私の思いつく下記の視点では予想が的中していると感嘆している。

 

  • 日本に関しては「一億総中流意識」が崩壊し、格差拡大の時代が到来する。
  • 人々の将来への不安が高まり、将来へ備える事よりも日々の暮らしを充実させる事を優先し、いっそう少子化が進む。
  • 「21世紀の最大の勝者は、国境を越える巨額の資本や「超国家企業」であり、敗者は国境を越える事が出来ない先進国の国内産業や中流階級であり」の、指摘は、アメリカのトランプ大統領出現の主たる土台になっている。

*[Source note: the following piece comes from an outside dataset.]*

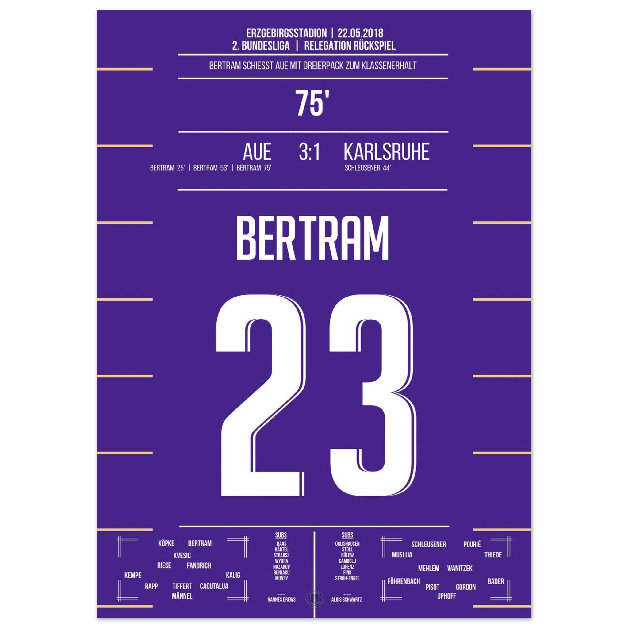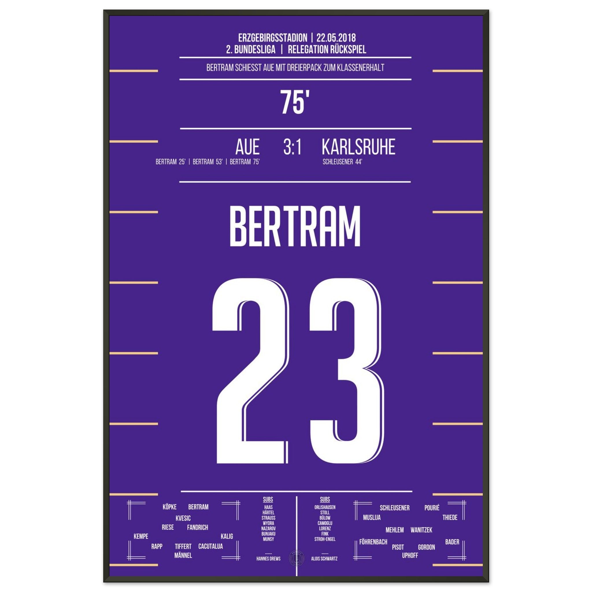 Bertram schnürt einen beeindruckenden Dreierpack und wird zum Matchwinner des Abends. Mit seinem dritten Treffer in der 75. Minute sichert er Aue den Verbleib in der 2. Bundesliga – pure Erleichterung und grenzenloser Jubel auf den Rängen!

  • 金融政策は緩和基調となり、実物経済に比してマネーが膨張するから、資産価格が上昇し易くなり、先進国経済は資産価格依存症候群に陥る事になる。
  • その結果、今や株価・土地・建物等の資産価格は目の飛び出るほどに上昇を続けているのに、賃金はちょっとやそっとではなかなか追いつけない時代に入っている。